I Need You arrebata qualquer um que esteja a passar pelo mesmo processo. Quem viveu o luto consegue compreender a cadência rítmica e as palavras que Nick solta: Nothing really matters anymore / Not even today / no matter how hard I try / When you're standing in the aisle / And baby, nothing, nothing, nothing; um cansaço que se sente e cujas palavras nos atravessam como uma espada de dois gumes porque sentimos genuinamente a dor de Cave que corta sem dó.
Um documentário que condensa o processo do luto. O isolamento, a apatia, o desgaste, a catarse e o regresso à vida. O peso da dor acaba na transmigração do espírito para a eternidade que numa visão poética utiliza a câmara como ponto de referência metafórica para representar essa libertação. A câmara sobe pelas ruas de Londres à noite, depois sobe e entra na estratosfera enquanto vemos o planeta e o sol, tão distantes e frios como uma estrela.

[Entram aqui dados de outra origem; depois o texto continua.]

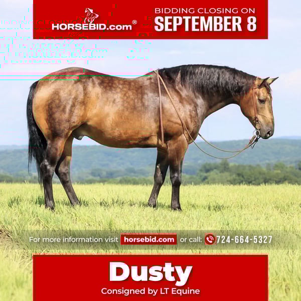 ♦️ 𝐭𝐡𝐞 𝐒𝐞𝐩𝐭𝐞𝐦𝐛𝐞𝐫 𝑺𝒆𝒍𝒆𝒄𝒕 ♦️ Happening now thru MONDAY | SEPTEMBER 8th - Available EXCLUSIVELY on HorseBid's website! For more details and to register visit: www.Horsebid.com CONSIGNOR CONTACT: LT Equine 724-664-5327 LOCATION: Miola, PA BREED: Grade REGISTERED: No COLOR: Dapple Buckskin HEIGHT: 14.3 AGE: 8 GENDER: Gelding Introducing Dusty, a gorgeous dapple buckskin gelding that stands approximately 14.3 hands tall and is thick built and very friendly. Dusty is the kind of trail horse you love to have in your barn as your main trail horse or spare horse for all your friends to ride. He follows along or goes out alone! He is a been there done that trail horse for any level rider. Dusty has great ground manners and a puppy dog personality. He’s smart and takes to obstacles with ease and willingness. He has a smart head on his shoulders and kind personality. Dusty would also make a great kids horse. Dusty will also arena ride, walk trot and lope picking up both leads. He neck reins, stops and backs up with ease. He’ll stand at the mounting block, stand tied regularly or in cross ties, he baths quietly picks up all four feet with ease. Is great for the farrier and the vet. is good in turn out, or in a stall. He has no vices and is current on his coggins and vaccinations. Check out his video and if you have any questions about Dusty give me a call or text! Thank you!
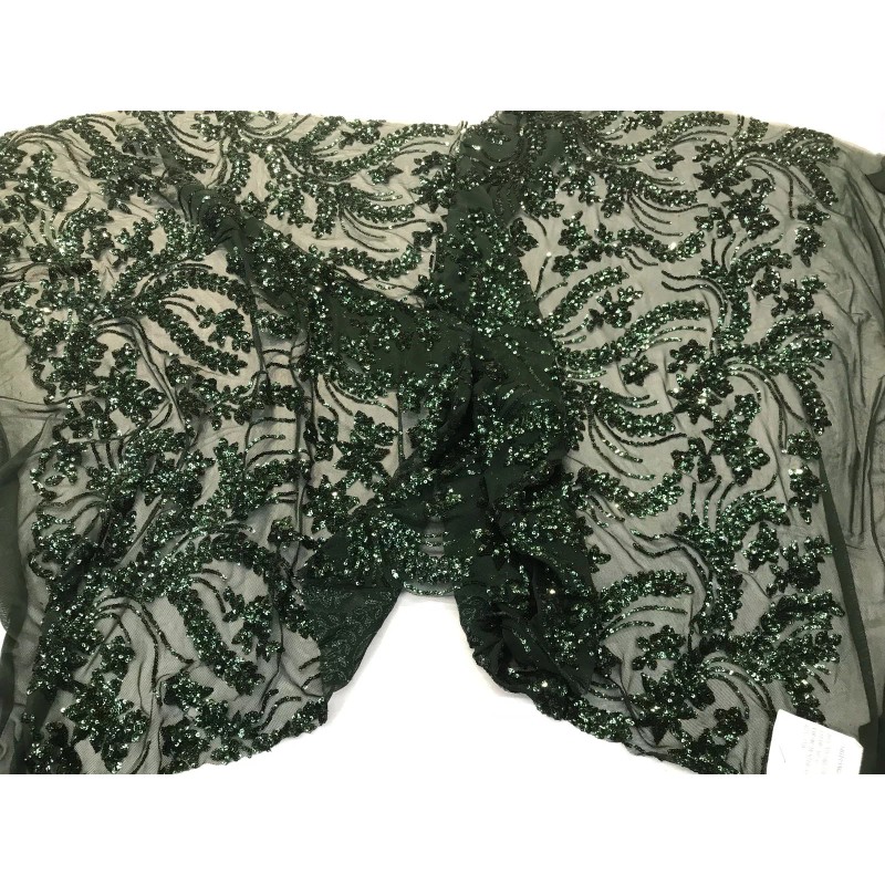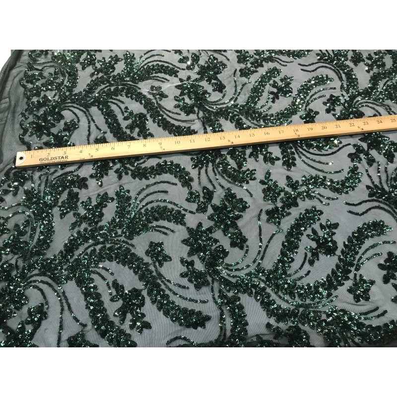 NEW CREATIONS FABRIC AND FOAM INC HUNTER GREEN SEQUINS VINES DESIGN EMBROIDERY ON A 4 WAY STRETCH MESH-BY THE YARD
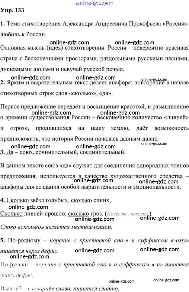 Готовые домашние задания по Русскому языку за 7 класс Учебник Быстрова, Кибирева Инновационная школа 2019 - Упражнения Часть 2 133
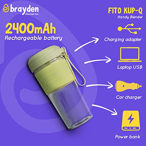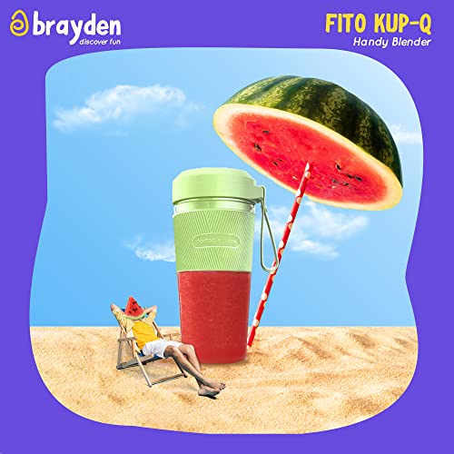 Brayden Fito Kup-Q Portable Power Blender | Gym, Office, Travel and Baby foods | Smoothies and Juices | 7.4V Motor | 2400 mAh Li-ion Rechargable Battery | Break Proof Tritan Jar (300 ml, Green)
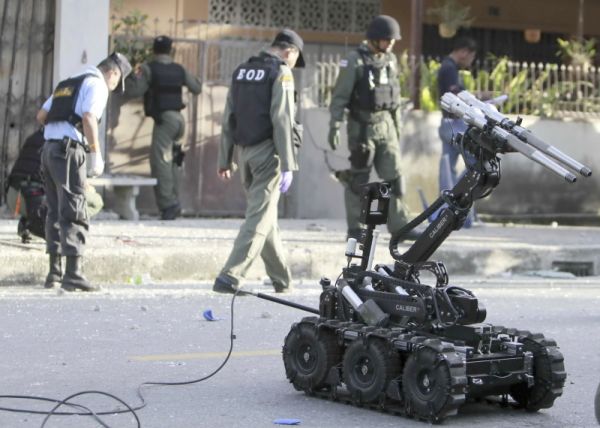 Na Tailândia, forças de segurança utilizam um robô antibomba para investigar um local onde ocorreu uma explosão , na província de Yala. Dois policiais ficaram feridos após o incidente. De acordo com as autoridades, a suspeita é que o ataque tenha sido provocado por militantes islâmicos.
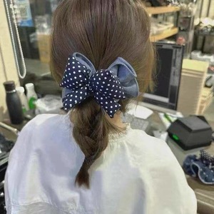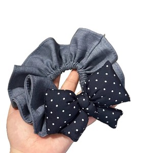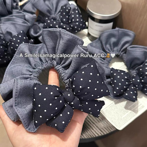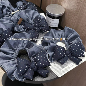 高级小众蓝色波点蝴蝶结木耳边大肠发圈发量多头绳韩国丸子头发绳
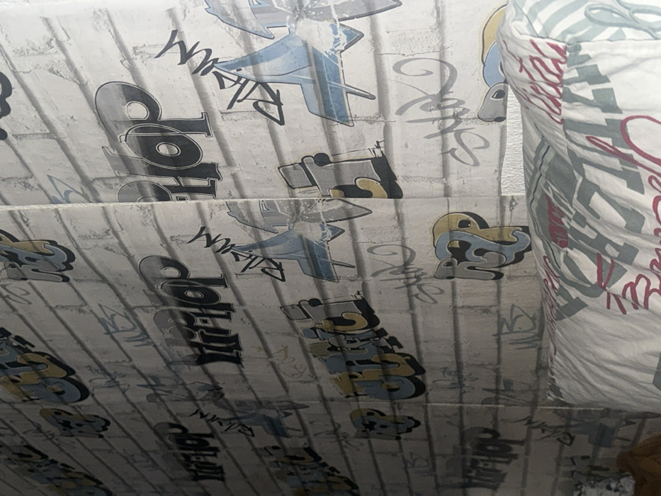 The scene depicts an interior wall, likely within a residence, located in General Toshevo, Bulgaria. The wall is covered in wallpaper featuring a repeating graffiti-style pattern on a simulated white brick background. Key elements of the pattern include the word "HIP-HOP" in stylized dark grey/black bubble letters with lighter grey/blue accents, the term "SK8" or "SKATE" rendered in yellow and blue, and various other illegible tags, scribbles, and graphic elements such as a stylized light blue star or winged character. Illumination is uneven, with the left portion of the wall exhibiting lower light levels than the right. In the lower right foreground, a pillow with a patterned cover in shades of white, grey, blue, and red is partially visible, resting on what appears to be a bed. No persons are present. No actions or interactions are occurring.
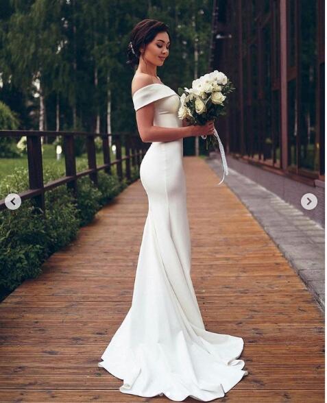 Off Shoulder Mermaid Wedding Dress Backless Wedding Dress Bridal Dress
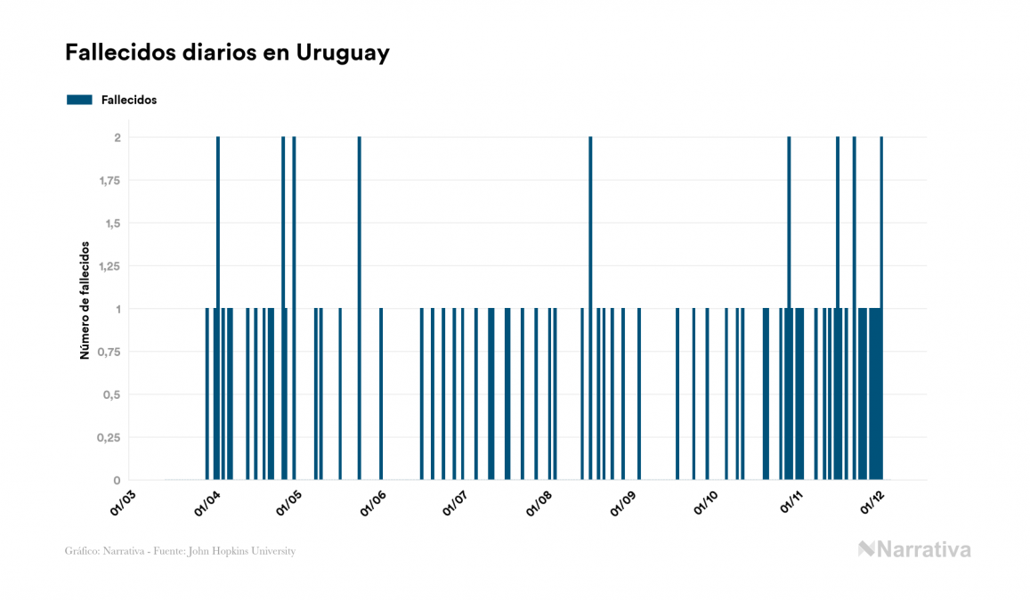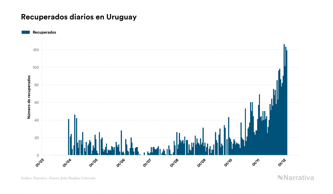 La COVID-19 deja ya 6.731 casos de contagio en Uruguay, con 1.825 de ellos actualmente activos y 80 fallecidos, según los últimos datos correspondientes al 5 de diciembre. Además, un total de 4.826 personas ya se ha recuperado desde que se produjo el primer contagio en el país.
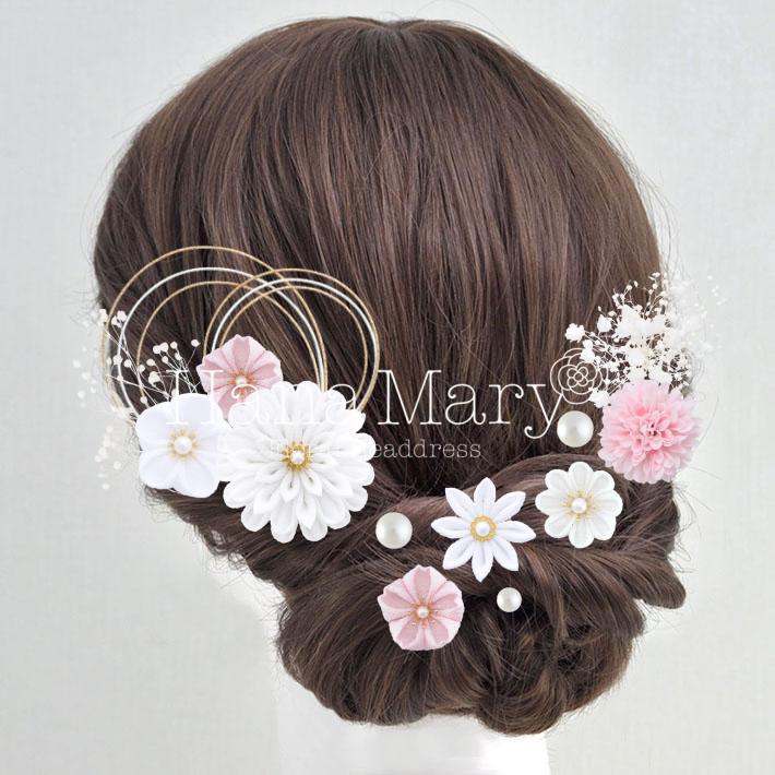 その日のヘアスタイルによって自由に一輪一輪配置できます。お花の数が多い場合でも、アメピンを追加して簡単にしっかりと固定できます。
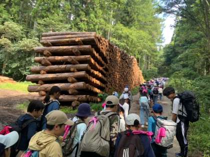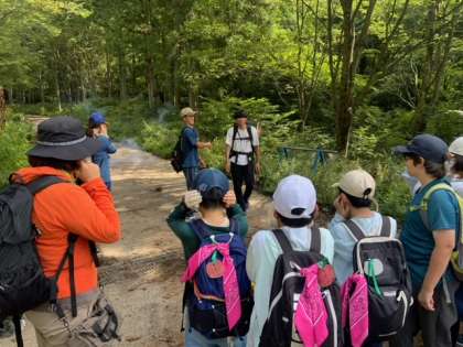 ハイキングに出発しました。林道の入口では、爆竹を鳴らして熊よけをしました。足元は、舗装されていて歩きやすいです。
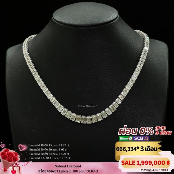 สร้อยคอเพชร Emerald 108 pcs 50.89 ct สี I-J น้ำ 95-94
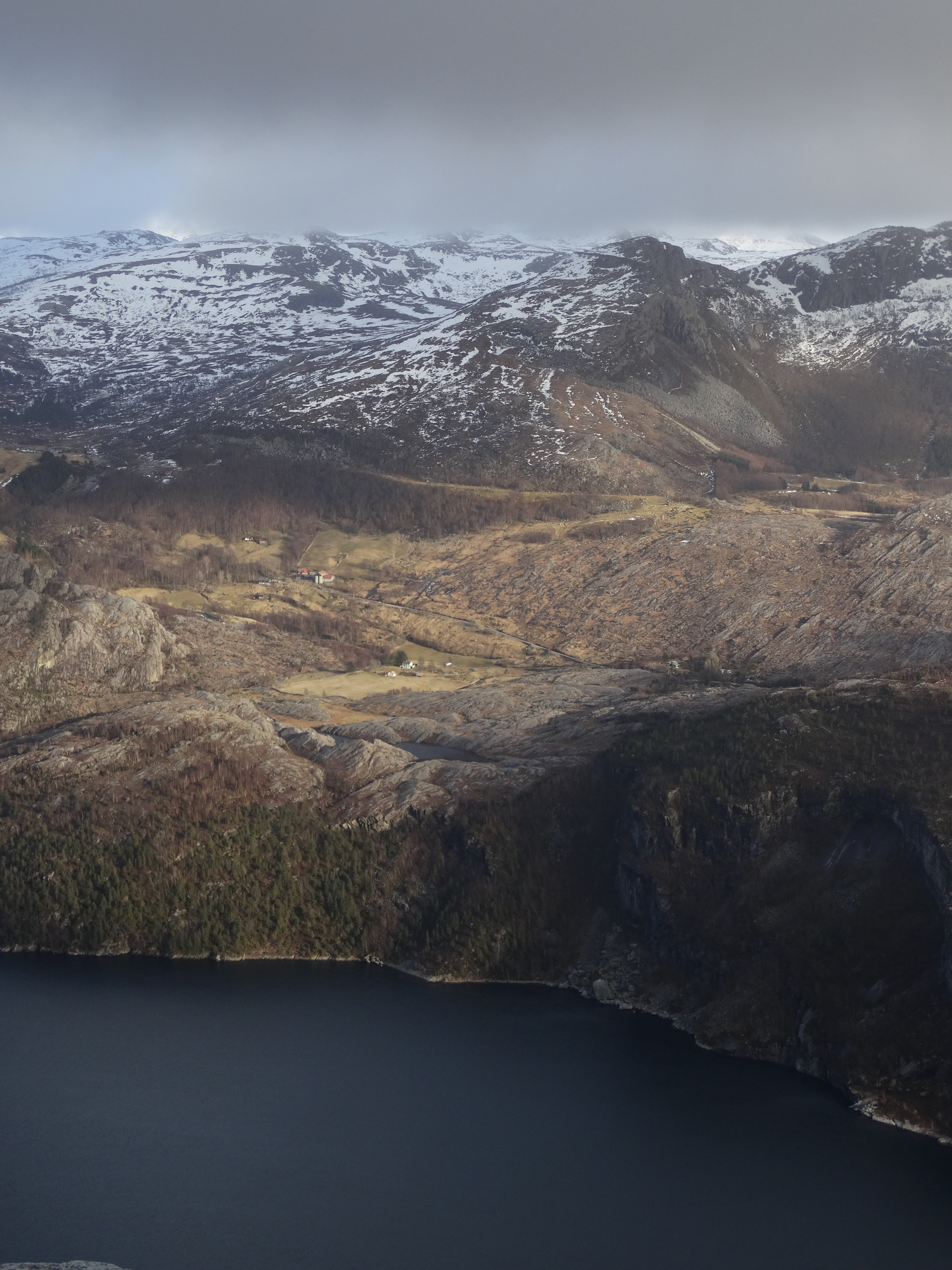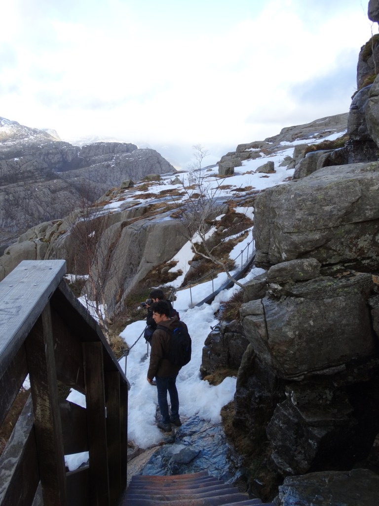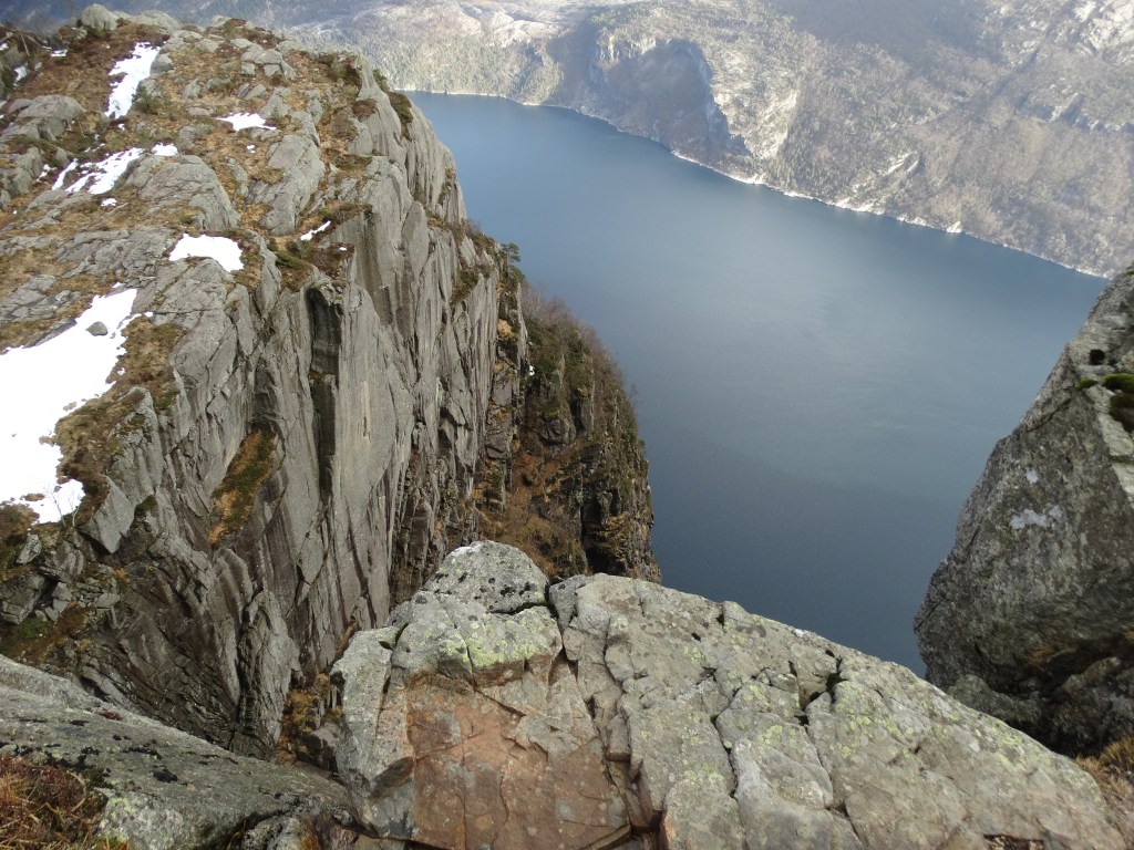 Όταν τελικά φτάσαμε στο Preisteklen μένω άναυδος με την απόκοσμης ομορφιάς θέα αλλά και με την επικινδυνότητα του συγκεκριμένου αξιοθέατου. Παρότι ένας ισπανός τουρίστας έχασε τη ζωή του εδώ το 2013, οι νορβηγικές αρχές ίσως και σωστά να σκέφτηκαν ότι προστατευτικά κάγκελα ή σχοινιά θα παρεμβαίνανε στην κοφτερή τελειότητα της φύση. Η ευθύνη της σωματικής σου ακεραιότητας είναι αποκλειστικά δική σου, μοιάζει να σου λένε. Τουρίστα, είσαι ενήλικας πια! Με ξαφνιάζει η αφοβία και άγνοια κίνδυνου πιτσιρικάδων τουριστών που πηγαίνουν στην άκρη άκρη και βγάζουν selfies με σατηρικές πόζες αλα στάση του λοτού.
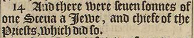 14 And there were seuen sonnes of one Sceua a Iewe, and chiefe of the Priests, which did so.
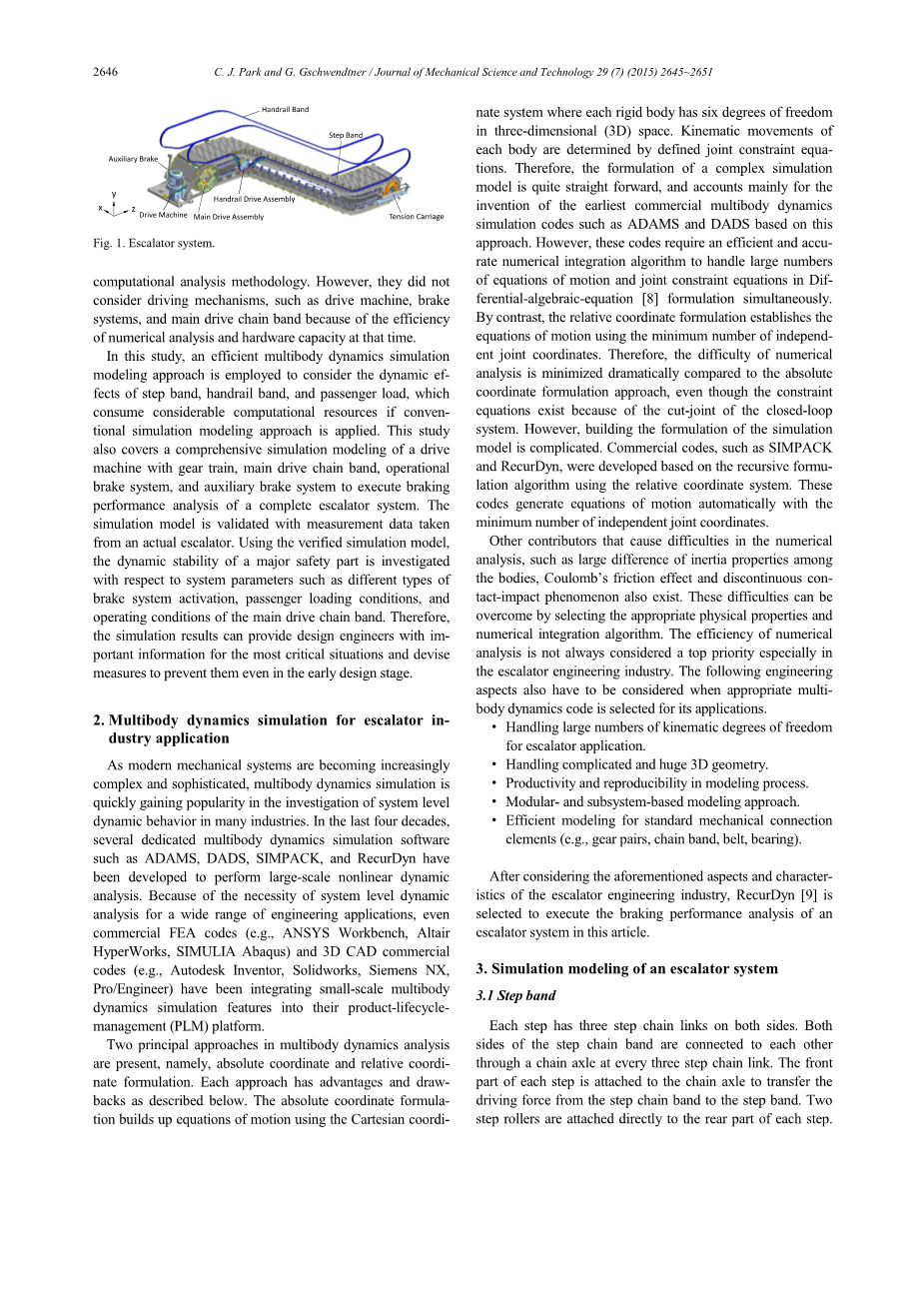 现代工程技术和高性能计算系统的发展使得计算分析能够在每个行业中快速取代传统的反复试验设计和测试过程,从而最大限度地缩短开发时间和成本。 在过去的二十年中,Park等人[5-7]进行了几项开创性的试验,以使用计算分析方法研究自动扶梯系统的动态特性。然而,由于当时的数值分析和硬件容量的效率问题,他们并没有考虑到驱动机构,例如驱动机器,制动系统和主驱动链带。
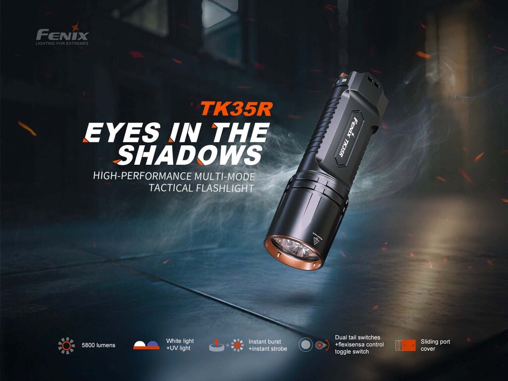 Fenix TK35R mieri na situácie, kde je potrebné silné biele svetlo aj presné UV osvetlenie. Spája vysoký výkon, dlhú výdrž a ovládanie, ktoré reaguje okamžite. Vďaka plochému telu sedí pevne v ruke a ponúka kontrolu aj pri práci v rukaviciach. Konštrukcia zvláda náročný terén, takže sa hodí pre službu, pátranie aj nočný pohyb v prírode.
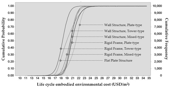 Cumulative probability of life cycle embodied environmental cost.
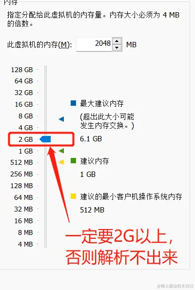 使用VMware创建的虚拟机进行测试,虚拟机内存至少需要2GB,否则在启动安装时可能会报错,其他安装步骤无需改变。
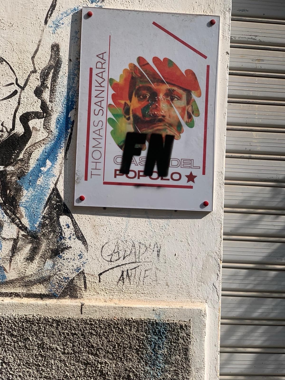 Nella giornata del 14 giugno la sede della Casa del Popolo Thomas Sankara di Catanzaro è stata imbrattata con simboli dell’organizzazione neofascista Forza Nuova.

Distant Sky traz-nos a leveza natural depois do desgaste mergulhado em choro. Poderíamos comparar Skeleton Tree, essa árvore nua, à referência bíblica dos ossos secos: uma imagem apagada e que pela força da vontade renova-se juntando osso a osso, carne, tendões e pele. Essa reconstrução sem espírito é revivificada quando o espírito entra. Nick Cave, sempre apegado a referências bíblicas, conseguiu reunir esses ossos secos para transitar novamente para a vida. É o restauro das peças que se partiram.
Tanto Skeleton Tree, o álbum, e One More Time with Feeling, o documento visual que perdurará na história, significam apenas duas coisas: genialidade (uma palavra que é usada com vulgaridade mas que neste caso é usada com o maior zelo) e coragem.